Work task:
Drop the pictures and repeat the remaining data exactly.

Top of Material shown

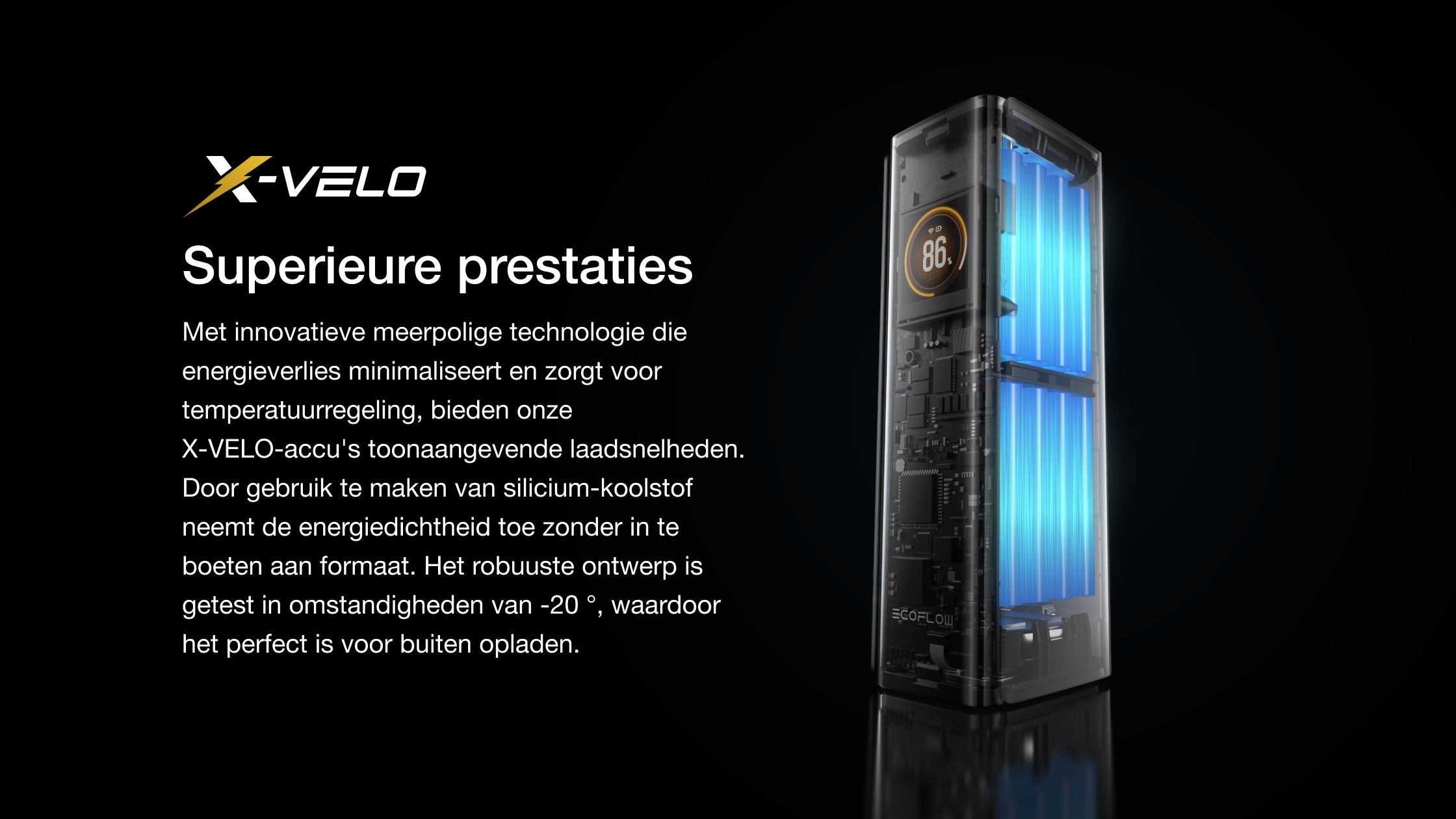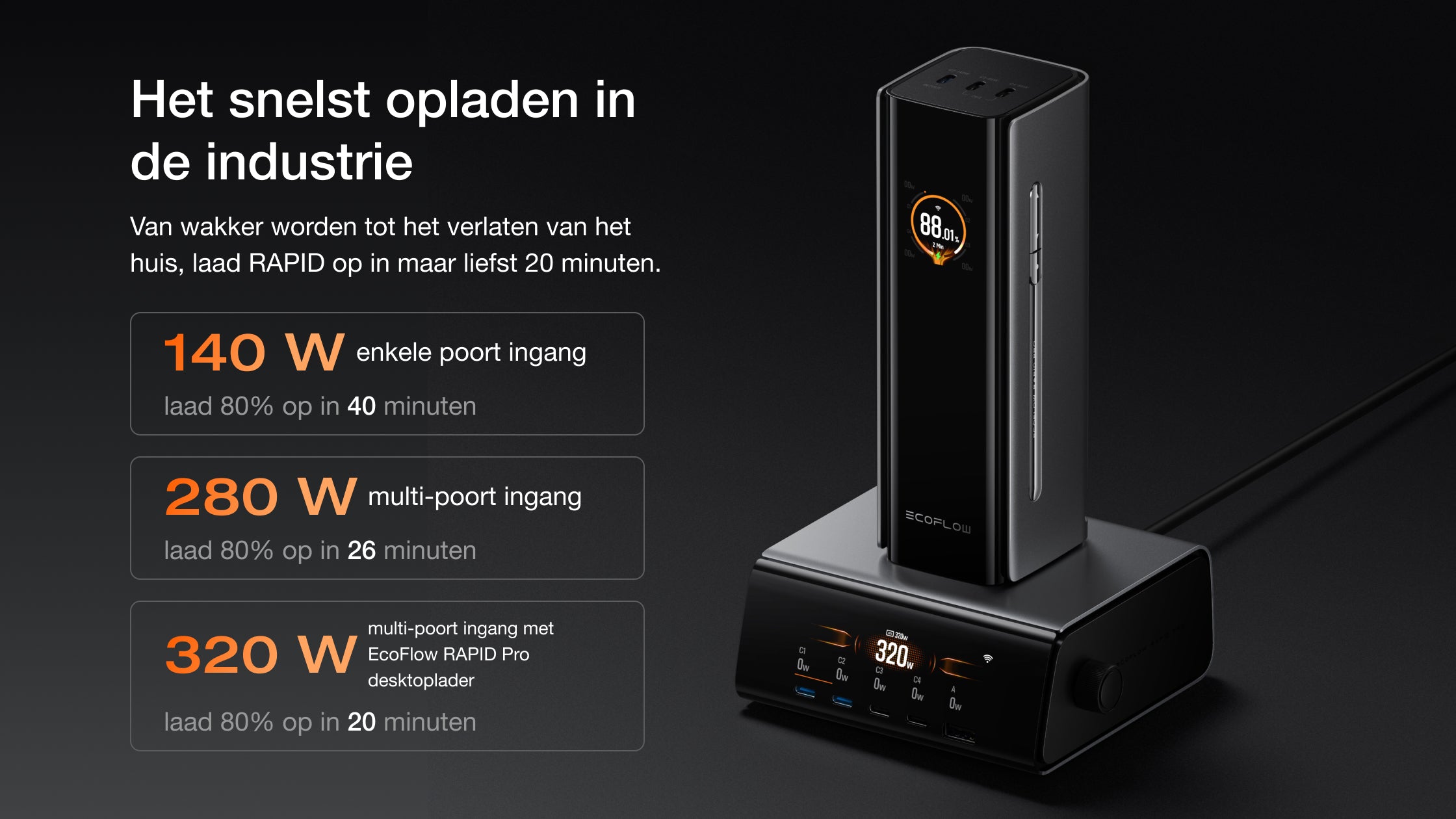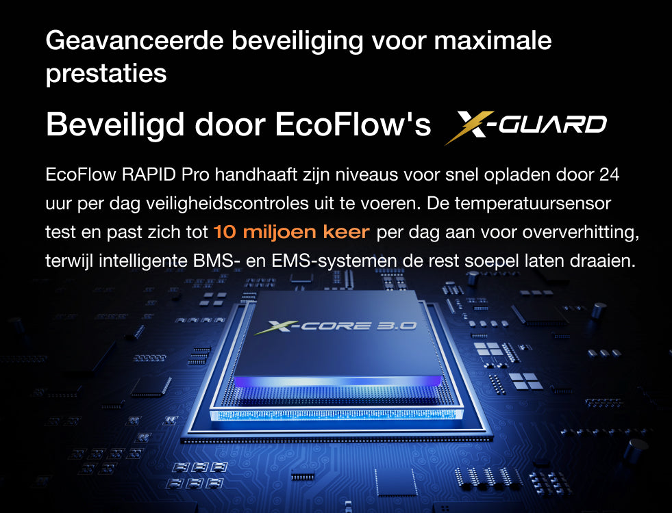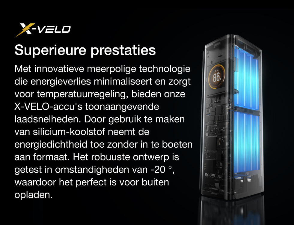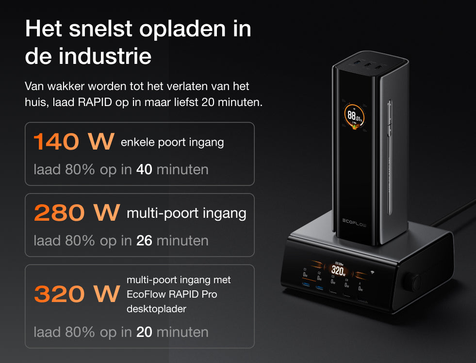 • Snelle oplaadsnelheid: 20 min. op te laden tot 80% met behulp van EcoFlow RAPID Pro 320 W oplaadstation.²
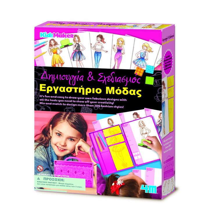 Κάνε το όνειρό σου πραγματικότητα και γίνε μία επιτυχημένη σχεδιάστρια μόδας! Με όλα τα απαραίτητα εργαλεία σχεδίασης, αυτό το εργαστήριο μόδας είναι το ιδανικότερο σετ για να ξεκινήσεις να δημιουργείς τα δικά σου ρούχα! Δες τα σχέδια σου να ζωντανεύουν στο χαρτί, χρησιμοποιώντας τη φαντασία σου. Μπορείς να μοιραστείς τις μοναδικές σου δημιουργίες με τις φίλες σου.
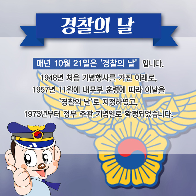 경찰의 날 매년 10월 21일로 이름만 들으면 단순히 경창들을 위한 날이라는 생각이 들 수 있다. 하지만 경찰의 날(10월 21일)은 대한민국의 기념일 중 하나이며, 민주 경찰로서 사명감을 일깨우고 국민과 더욱 친근해지며, 사회의 기강을 확립하고 질서를 유지하는 등 경찰의 임무를 재확인하고 경찰관의 노고를 치하하며 위로해 주는 데에 의의를 가진다.[1]
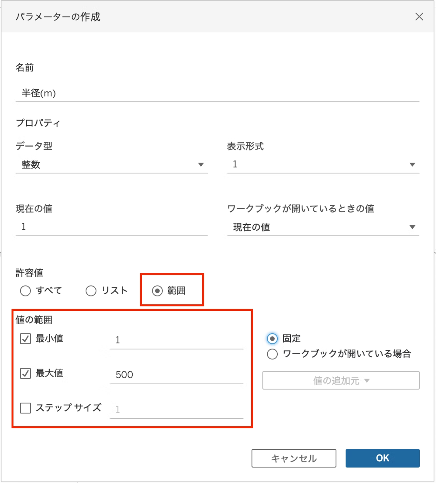 - [最小範囲] を1、最大値範囲を500、ステップサイズをデフォルトで設定します。
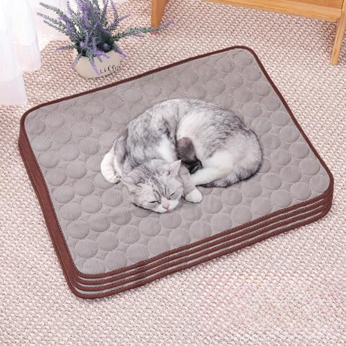 HUAMIAN Kühlmatte für Hunde, sofortiges Kühlkissen für Hunde und Katzen, Eisseidenstoff, doppelseitig, für den Sommer, unverzichtbar für Haustiere, Wärmeentlastung, Braun, 50 x 40 cm, 4 Stück
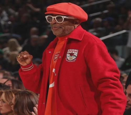 美國著名導演斯派克李在觀看紐約尼克斯的比賽時穿上了阿森納的服飾。

Bottom of Material shown

The answer:
 • Snelle oplaadsnelheid: 20 min. op te laden tot 80% met behulp van EcoFlow RAPID Pro 320 W oplaadstation.²
 Κάνε το όνειρό σου πραγματικότητα και γίνε μία επιτυχημένη σχεδιάστρια μόδας! Με όλα τα απαραίτητα εργαλεία σχεδίασης, αυτό το εργαστήριο μόδας είναι το ιδανικότερο σετ για να ξεκινήσεις να δημιουργείς τα δικά σου ρούχα! Δες τα σχέδια σου να ζωντανεύουν στο χαρτί, χρησιμοποιώντας τη φαντασία σου. Μπορείς να μοιραστείς τις μοναδικές σου δημιουργίες με τις φίλες σου.
 경찰의 날 매년 10월 21일로 이름만 들으면 단순히 경창들을 위한 날이라는 생각이 들 수 있다. 하지만 경찰의 날(10월 21일)은 대한민국의 기념일 중 하나이며, 민주 경찰로서 사명감을 일깨우고 국민과 더욱 친근해지며, 사회의 기강을 확립하고 질서를 유지하는 등 경찰의 임무를 재확인하고 경찰관의 노고를 치하하며 위로해 주는 데에 의의를 가진다.[1]
 - [最小範囲] を1、最大値範囲を500、ステップサイズをデフォルトで設定します。
 HUAMIAN Kühlmatte für Hunde, sofortiges Kühlkissen für Hunde und Katzen, Eisseidenstoff, doppelseitig, für den Sommer, unverzichtbar für Haustiere, Wärmeentlastung, Braun, 50 x 40 cm, 4 Stück
 美國著名導演斯派克李在觀看紐約尼克斯的比賽時穿上了阿森納的服飾。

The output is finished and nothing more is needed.